Another strong upwards week comes with a slight decline in volume, but volume is still relatively high.

On Balance Volume may find resistance at the purple line and this may force intermediate wave (4) to arrive earlier than expected. If OBV breaks above this line next week, that would be a fairly bullish signal.

RSI is not yet extreme. There is room for price to rise.

DAILY CHART

S&P 500 daily 2016
Click chart to enlarge. Chart courtesy of StockCharts.com.

The target using the measured rule from the pennant pattern is 2,318. In the first instance, this target should be used. If price keeps rising above it, then use the Elliott wave target at 2,473.

Price has pulled back some after five days in a row of price closing at or above the upper range of Bollinger Bands. Normally, a deeper pullback to find support at either the 13 day moving average or the mid line of Bollinger Bands would be a reasonable expectation.

An increase in volume for a downwards day would normally indicate more downwards movement tomorrow, but this has not always worked more recently.

ADX is today flat and is still extreme. A more time consuming consolidation may be required here to bring ADX back below 35.

ATR is beginning to show some increase. This may support the idea of a deeper pullback about here.

RSI is returning from overbought. A deeper pullback may be required to bring it further into normal range, which would then allow the upwards trend to continue.

Stochastics is still overbought.

It would be reasonable to expect the pullback, which began today, to continue overall for a few more days to relieve oversold and extreme conditions before the upwards trend can resume.

On Balance Volume may find support at the purple trend line halting a fall in price.

VOLATILITY – INVERTED VIX CHART

VIX daily 2016
Click chart to enlarge. Chart courtesy of StockCharts.com.

There are a few instances of multi day divergence between price and inverted VIX noted here. Bearish divergence is blue. Bullish divergence is yellow. It appears so far that divergence between inverted VIX and price is again working to indicate short term movements spanning one or two days. While this seems to be working more often than not, it is not always working. As with everything in technical analysis, there is nothing that is certain. This is an exercise in probability.

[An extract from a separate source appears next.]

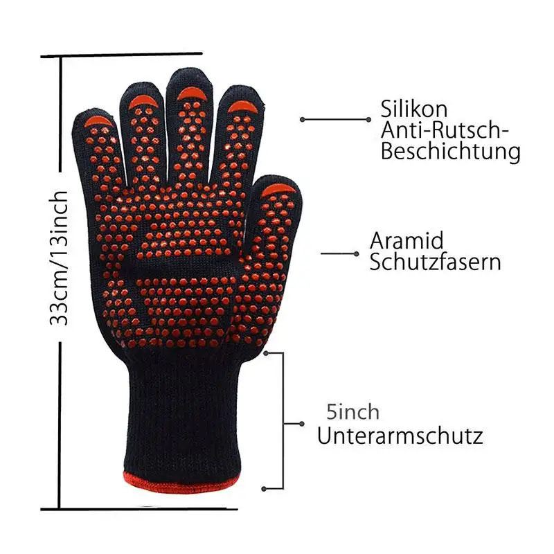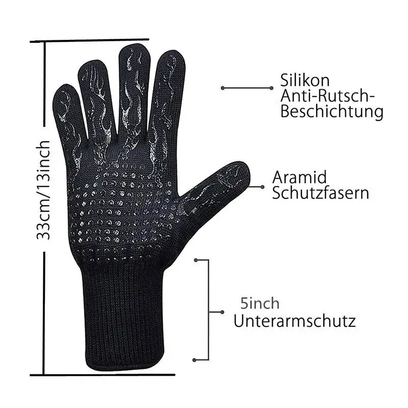 Premium Oven Grill Gloves are guaranteed to withstand extreme temperatures up to 932ºF (500ºC). A true innovation in heat protection for the oven, stove top, and outdoor grill. Nomex and Kevlar fibers when they combined they slow the rise of temperatures when handling hot items. Perfect for grilling, smoking, cooking, baking, or handling super hot items in the kitchen and outdoors.

Bearish divergence has been followed now by one day of reasonably strong downwards movement. It may be followed by one more.

BREADTH – AD LINE

AD Line daily 2016
Click chart to enlarge. Chart courtesy of StockCharts.com.

Short term bullish and bearish divergence is again working between price and the AD line to show the direction for the following one or two days.

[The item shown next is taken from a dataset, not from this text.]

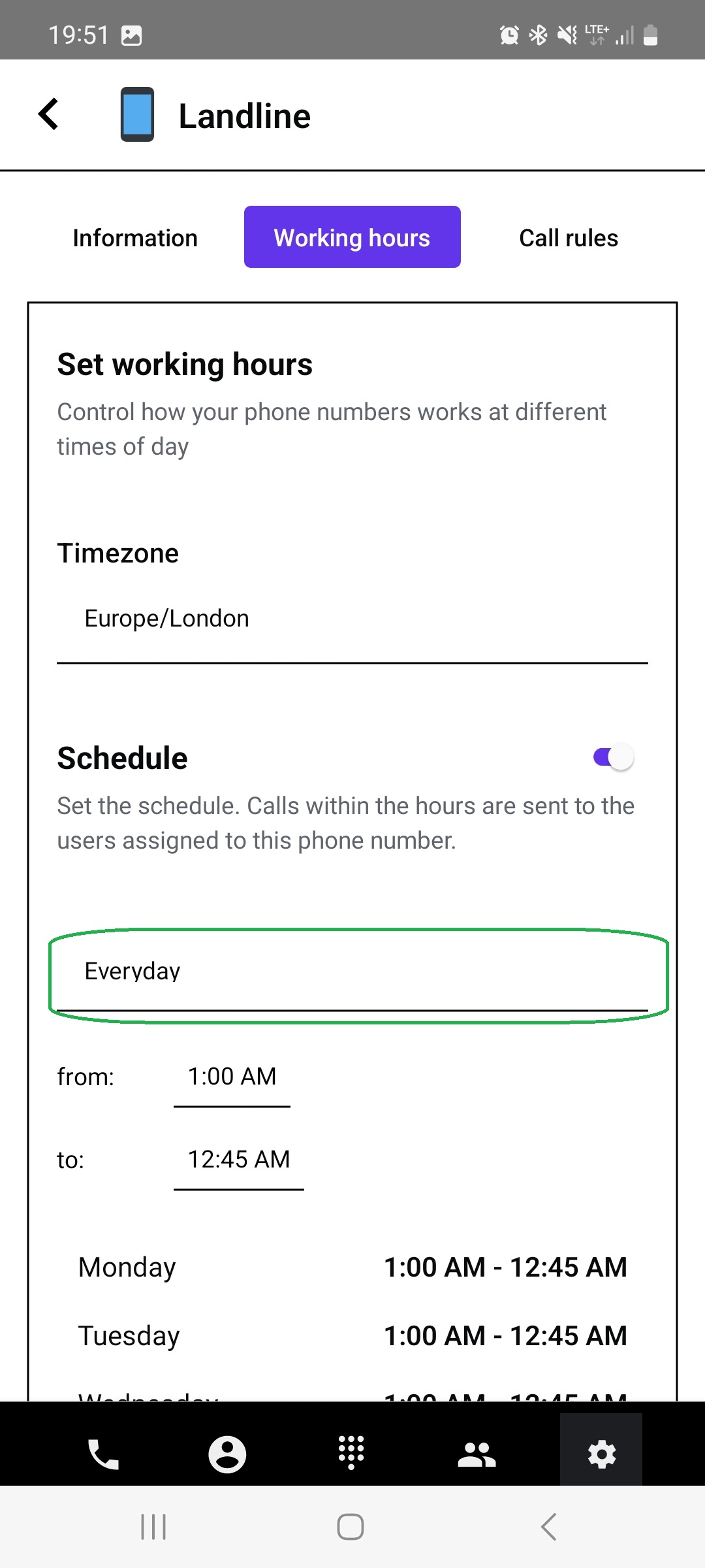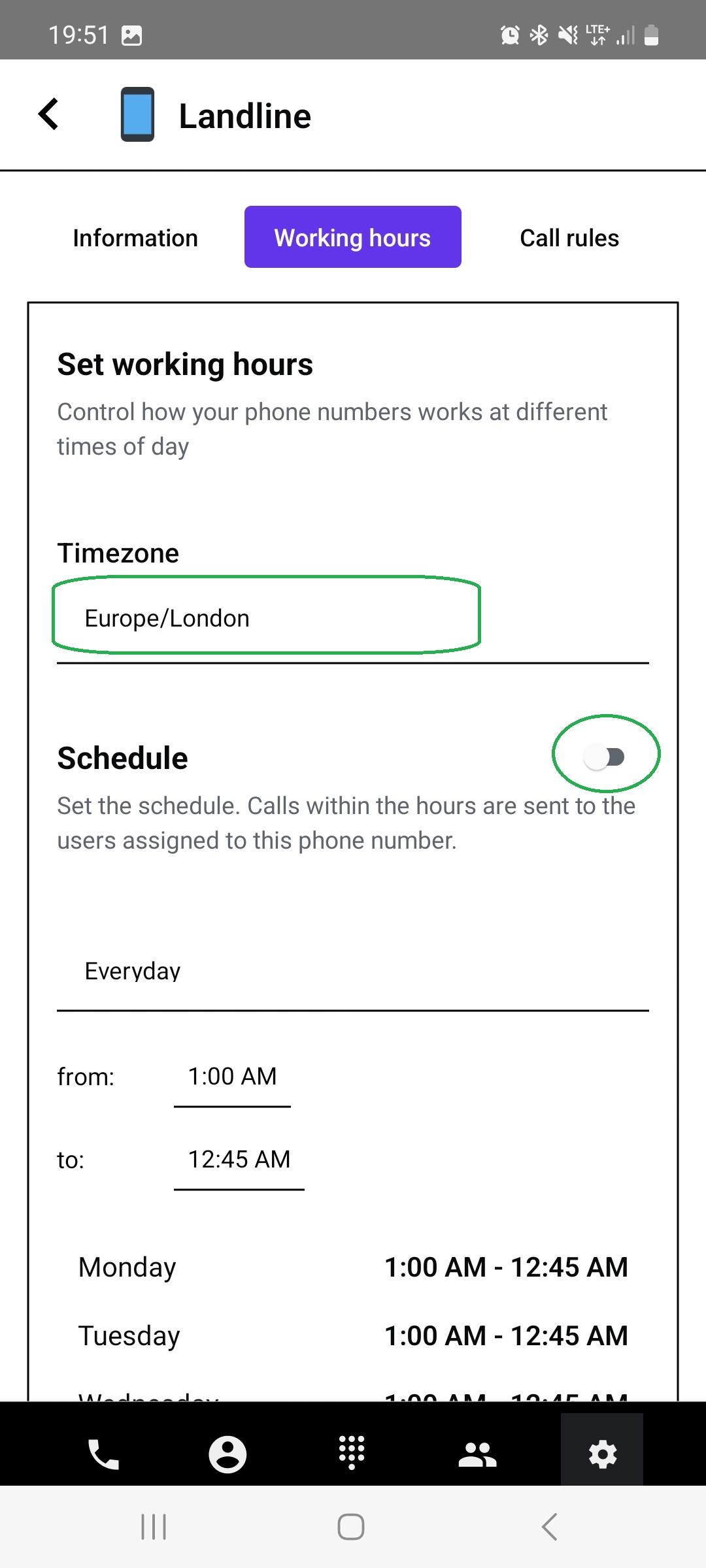 Working hours settings are part of the phone number management section, accessible in the number details tab.

There is longer term divergence between price and the AD line, but like inverted VIX this has proven reasonably recently to be unreliable. It will be given no weight here.

Bearish divergence is now followed by one day of downwards movement. It may be followed by one more.

DOW THEORY

Major lows within the old bull market:

DJIA: 15,855.12 (15th October, 2014) – closed below on 25th August, 2015.

DJT: 7,700.49 (12th October, 2014) – closed below on 24th August, 2015.

S&P500: 1,821.61 (15th October, 2014) – has not closed below this point yet.

Nasdaq: 4,117.84 (15th October, 2014) – has not closed below this point yet.

Major highs within the bear market from November 2014:

DJIA: 17,977.85 (4th November, 2015) – closed above on 18th April, 2016.

DJT: 8,358.20 (20th November, 2015) – closed above this point on the 9th of November, 2016.

S&P500: 2,116.48 (3rd November, 2015) – closed above this point on 8th June, 2016.

Nasdaq: 5,176.77 (2nd December, 2015) – closed above this point on 1st August, 2016.

Dow Theory Conclusion: The transportations indicate an end to the prior bear market. The transportation index confirms a bull market.

This analysis is published @ 10:22 p.m. EST.